DA MINHA ALDEIA VEJO QUANTO DA TERRA SE PODE VER DO UNIVERSO...

 

Da minha aldeia vejo quanto da terra se pode ver do Universo...

Por isso a minha aldeia é tão grande como outra terra qualquer,

Porque eu sou do tamanho do que vejo
E não do tamanho da minha altura...


Nas cidades a vida é mais pequena
Que aqui na minha casa no cimo deste outeiro.
Na cidade as grandes casas fecham a vista à chave,
Escondem o horizonte, empurram o nosso olhar para longe de todo o céu,

Tornam-nos pequenos porque nos tiram o que os nossos olhos nos podem dar,

E tornam-nos pobres porque a nossa única riqueza é ver.

 

Alberto Caeiro, Poemas, 10.ª ed., Lisboa,Ática,1997

da poética de Caeiro

 

 

 

Análise / Leitura orientada

 

 

QUESTIONÁRIO:

 

Elabore um comentário do poema que integre o tratamento dos seguintes tópicos:
• oposição entre a "aldeia" e a "cidade"
• importância do acto de ver
• recursos estilísticos relevantes

• traços da poética de Caeiro.

 

CENÁRIOS DE RESPOSTA:

 

Oposição entre a "aldeia" e a "cidade"
 

O poema organiza-se em torno da caraterização contrastiva da "minha aldeia" e das "cidades" ou da "cidade", caraterização essa que se desenvolve, porém, em termos inesperados.

Assim, a "minha aldeia" é apresentada como lugar de eleição, na medida em que permite ao sujeito o grau máximo de visibilidade do "quanto da terra se pode ver do Universo" (v. 1); por esse motivo, ela supera o estatuto de povoação diminuta que por definição é o seu, tornando-se "tão grande como outra terra qualquer" (v. 2).

 

 

A cidade, por seu lado, revela-se limitativa, pois "as grandes casas" enclausuram o olhar, ocultam-lhe o céu e afastam-no da natureza ("Na cidade as grandes casas fecham a vista à chave, / Escondem o horizonte, empurram o nosso olhar para longe de todo o céu," - vv. 7 e 8), ou, por outras palavras, desapossam-nos da "nossa única riqueza" que "é ver" (v. 10).

 

Em suma, a cidade tem um efeito de fechamento e afasta "a vista" (v. 7) do "horizonte" e do "céu" (v. 8), enquanto a aldeia propicia a abertura para o infinito ("Universo" - v. 1).
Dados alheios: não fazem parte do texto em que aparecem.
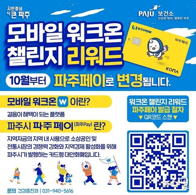 (뉴스핏 = 김수진 기자) 파주보건소가 시민 건강 증진과 지역경제 활성화를 위해 모바일 걷기 앱 ‘워크온 보상’ 지급 방식을 오는 10월부터 지역화폐 파주페이로 전환해 운영한다.

Consequentemente, a cidade aparece correlacionada com a ideia expressa nos versos 9 e 10 ("Tornam-nos pequenos porque nos tiram o que os nossos olhos nos podem dar, / E tornam-nos pobres porque a nossa única riqueza é ver."),  por oposição à aldeia, que consubstancia o enunciado no verso 2 ("Por isso a minha aldeia é tão grande como outra terra qualquer") e, de forma implícita, a riqueza (v. 10), invertendo, deste modo, as noções tradicionais de aldeia e de cidade.

 


 

 

Importância do ato de ver
 

O desenvolvimento da oposição entre aldeia e cidade faz emergir, como ideia nuclear do poema, a importância do ato de ver, manifestada, desde logo, pela utilização de formas do verbo ver e de vocábulos com ele semanticamente relacionados ("vista", "olhar", "olhos" - vv. 7, 8 e 9). Para o sujeito poético, a visão é um modo de conhecimento privilegiado, pois permite percecionar a imensidão do mundo, superando a dimensão física limitada do "eu" (vv. 3-4). Com efeito, é o olhar que determina a configuração do mundo e do próprio ser, na medida em que existe uma relação entre a extensão do campo de visão e a do espaço em que o "eu" se situa ("Da minha aldeia vejo quanto da terra se pode ver do Universo... / Por isso a minha aldeia é tão grande como outra terra qualquer," - vv. 1-2); o que o sujeito vê e a perceção que tem de si ("eu sou do tamanho do que vejo/ E não do tamanho da minha altura..." - vv. 3-4); e a possibilidade de visão e o valor da existência humana ("as grandes casas fecham a vista à chave", "Tornam-nos pequenos", "tornam-nos pobres", "a nossa única riqueza é ver" - vv. 7, 9 e 10).

 

Recursos estilísticos relevantes

 

São relevantes, entre outros, os seguintes aspetos estilísticos: a presença de construções causais, com destaque para a reiteração ou repetição da conjunção "porque", evidenciando a intenção explicativa do discurso por parte do eu da enunciação ("Por isso", "Porque eu sou", "porque nos tiram", "porque a nossa única riqueza" - vv. 2, 3, 9 e 10); a utilização da estrutura paralelística (paralelismo anafórico), amplificando a noção de perda ("Tornam-nos pequenos porque [...] / E tornam-nos pobres porque [...]" - vv. 9-10); o recurso ao grau comparativo dos adjetivos (comparação), com o intuito de caraterizar a "aldeia" por referência a outros espaços, realçando-se, por um lado, o nível idêntico de grandeza existente entre a "aldeia" e "outra terra qualquer" (v. 2) e, por outro lado, apoucando a vida na cidade para valorizar a vida na aldeia ("Nas cidades a vida é mais pequena / Que aqui na minha casa" — vv. 5-6); e a conjugação da metáfora ("fecham a vista à chave", "empurram o nosso olhar" — vv. 7-8) com a personificação de "casas" ("fecham", "Escondem", "empurram", "tiram"), para sublinhar a atrofia do ver, provocada pelo ambiente citadino.

 

Nota 1: se tiver dúvidas e quiser rever os recursos estilísticos, abra esta página.

 

 

 

Traços da poética de Caeiro
 

O poema evidencia muitos dos traços representativos da poética de Caeiro.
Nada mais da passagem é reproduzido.